* **DESCRIPTION OF THE TASK**:
I'd like every entry returned exactly as it is, with the images left out.

[Records contained in a dataset]
== Segment start ==

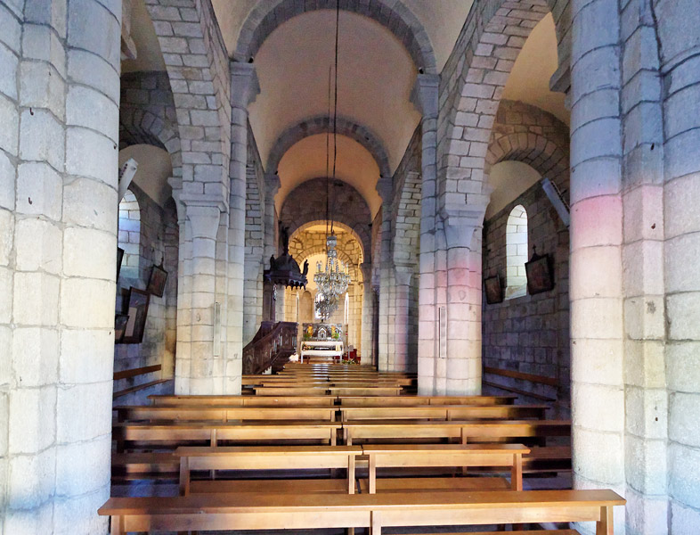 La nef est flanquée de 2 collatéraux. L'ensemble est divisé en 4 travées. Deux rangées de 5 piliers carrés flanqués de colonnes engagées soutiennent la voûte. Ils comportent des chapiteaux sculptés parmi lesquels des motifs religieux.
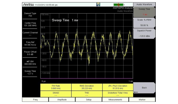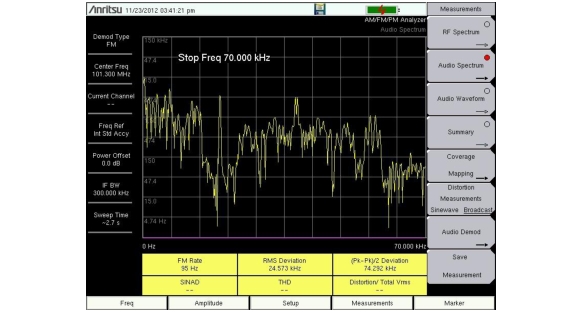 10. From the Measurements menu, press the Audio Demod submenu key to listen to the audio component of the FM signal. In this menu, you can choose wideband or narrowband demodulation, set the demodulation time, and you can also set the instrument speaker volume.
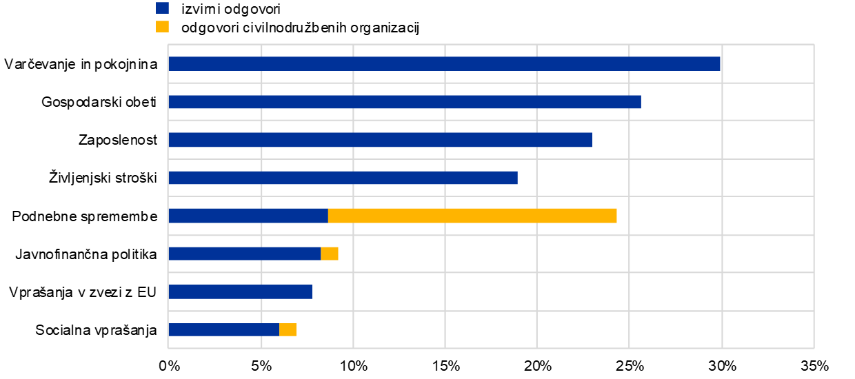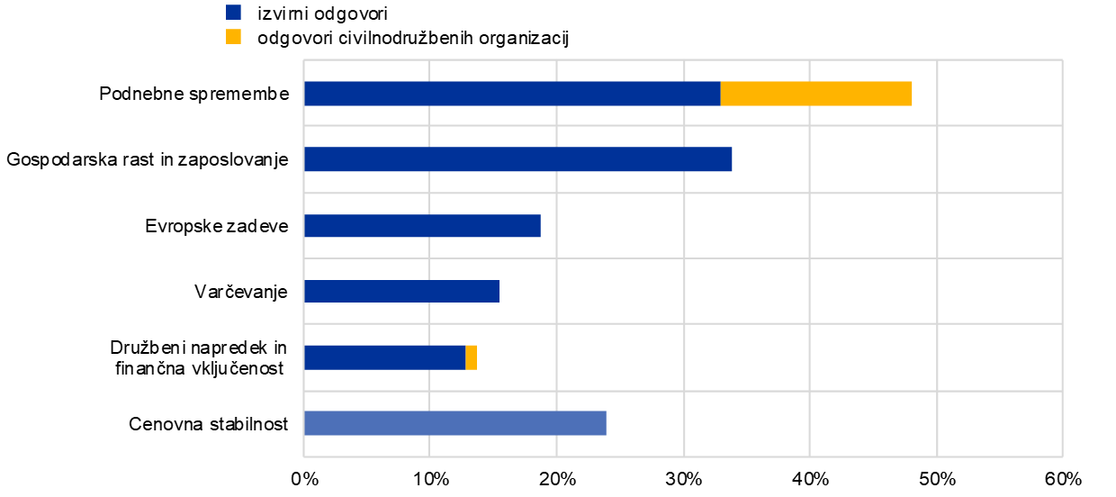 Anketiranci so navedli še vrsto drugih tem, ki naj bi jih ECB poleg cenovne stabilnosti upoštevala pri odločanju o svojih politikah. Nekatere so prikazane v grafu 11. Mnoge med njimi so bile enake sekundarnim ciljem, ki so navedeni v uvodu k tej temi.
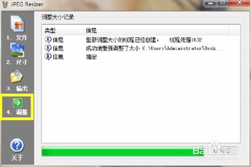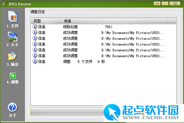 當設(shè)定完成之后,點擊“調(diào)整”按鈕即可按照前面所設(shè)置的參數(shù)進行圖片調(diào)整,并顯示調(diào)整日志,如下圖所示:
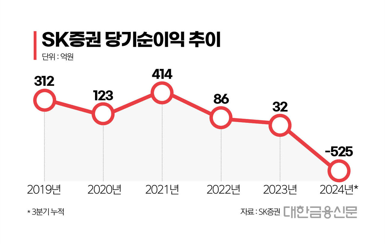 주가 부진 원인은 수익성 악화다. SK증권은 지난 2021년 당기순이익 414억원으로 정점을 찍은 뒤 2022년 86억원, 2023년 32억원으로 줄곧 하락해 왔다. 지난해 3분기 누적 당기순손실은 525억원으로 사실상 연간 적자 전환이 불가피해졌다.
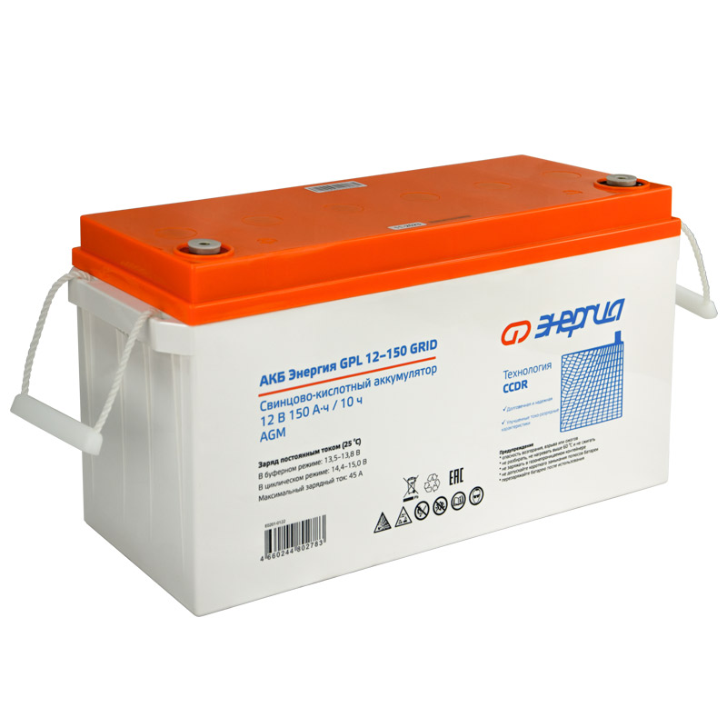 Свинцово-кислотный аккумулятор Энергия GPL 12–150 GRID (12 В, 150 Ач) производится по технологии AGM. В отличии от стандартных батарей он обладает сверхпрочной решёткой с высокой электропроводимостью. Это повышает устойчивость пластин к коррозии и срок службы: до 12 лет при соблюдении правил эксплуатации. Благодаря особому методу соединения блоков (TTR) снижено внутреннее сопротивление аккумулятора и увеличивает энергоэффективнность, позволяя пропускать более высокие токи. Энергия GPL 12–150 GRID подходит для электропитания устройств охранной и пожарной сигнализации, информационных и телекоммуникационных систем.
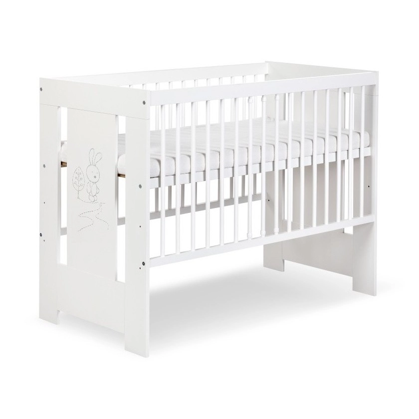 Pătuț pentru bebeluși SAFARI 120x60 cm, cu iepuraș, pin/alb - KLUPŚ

== Segment end ==

* **THE COMPLETED TASK**:
 La nef est flanquée de 2 collatéraux. L'ensemble est divisé en 4 travées. Deux rangées de 5 piliers carrés flanqués de colonnes engagées soutiennent la voûte. Ils comportent des chapiteaux sculptés parmi lesquels des motifs religieux.
 10. From the Measurements menu, press the Audio Demod submenu key to listen to the audio component of the FM signal. In this menu, you can choose wideband or narrowband demodulation, set the demodulation time, and you can also set the instrument speaker volume.
 Anketiranci so navedli še vrsto drugih tem, ki naj bi jih ECB poleg cenovne stabilnosti upoštevala pri odločanju o svojih politikah. Nekatere so prikazane v grafu 11. Mnoge med njimi so bile enake sekundarnim ciljem, ki so navedeni v uvodu k tej temi.
 當設(shè)定完成之后,點擊“調(diào)整”按鈕即可按照前面所設(shè)置的參數(shù)進行圖片調(diào)整,并顯示調(diào)整日志,如下圖所示:
 주가 부진 원인은 수익성 악화다. SK증권은 지난 2021년 당기순이익 414억원으로 정점을 찍은 뒤 2022년 86억원, 2023년 32억원으로 줄곧 하락해 왔다. 지난해 3분기 누적 당기순손실은 525억원으로 사실상 연간 적자 전환이 불가피해졌다.
 Свинцово-кислотный аккумулятор Энергия GPL 12–150 GRID (12 В, 150 Ач) производится по технологии AGM. В отличии от стандартных батарей он обладает сверхпрочной решёткой с высокой электропроводимостью. Это повышает устойчивость пластин к коррозии и срок службы: до 12 лет при соблюдении правил эксплуатации. Благодаря особому методу соединения блоков (TTR) снижено внутреннее сопротивление аккумулятора и увеличивает энергоэффективнность, позволяя пропускать более высокие токи. Энергия GPL 12–150 GRID подходит для электропитания устройств охранной и пожарной сигнализации, информационных и телекоммуникационных систем.
 Pătuț pentru bebeluși SAFARI 120x60 cm, cu iepuraș, pin/alb - KLUPŚ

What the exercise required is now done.